= Task directions =
Look through the data below for the line with "3M™ Finish Line" and the line with "Landscaped portion of", then output those two and all lines in between, exactly as written.

= Input material =
┄┄┄┄┄┄┄┄┄┄

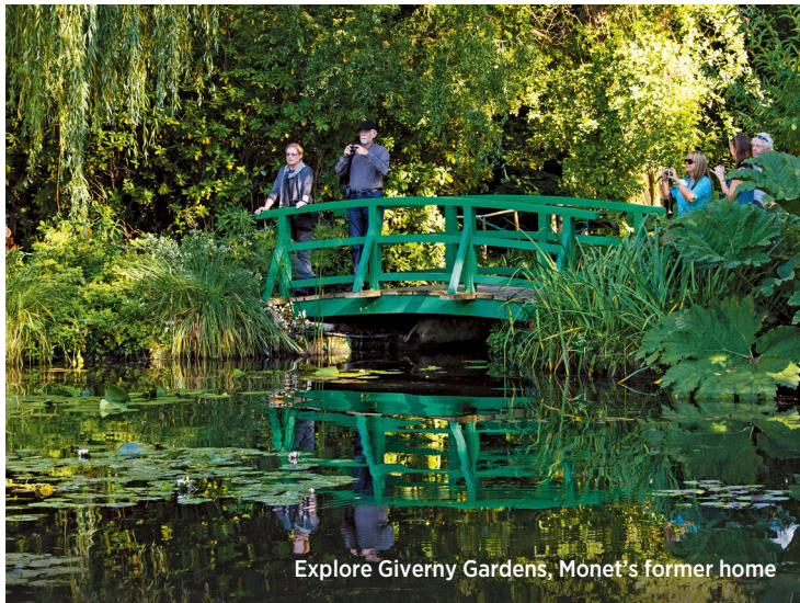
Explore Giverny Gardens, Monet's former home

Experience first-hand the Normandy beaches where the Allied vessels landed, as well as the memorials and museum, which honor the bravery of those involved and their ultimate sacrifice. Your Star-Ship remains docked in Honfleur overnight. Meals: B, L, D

┄┄┄┄┄┄┄┄┄┄

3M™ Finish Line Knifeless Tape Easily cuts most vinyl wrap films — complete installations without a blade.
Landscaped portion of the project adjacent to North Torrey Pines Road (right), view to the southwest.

┄┄┄┄┄┄┄┄┄┄

= Answer section =
3M™ Finish Line Knifeless Tape Easily cuts most vinyl wrap films — complete installations without a blade.
Landscaped portion of the project adjacent to North Torrey Pines Road (right), view to the southwest.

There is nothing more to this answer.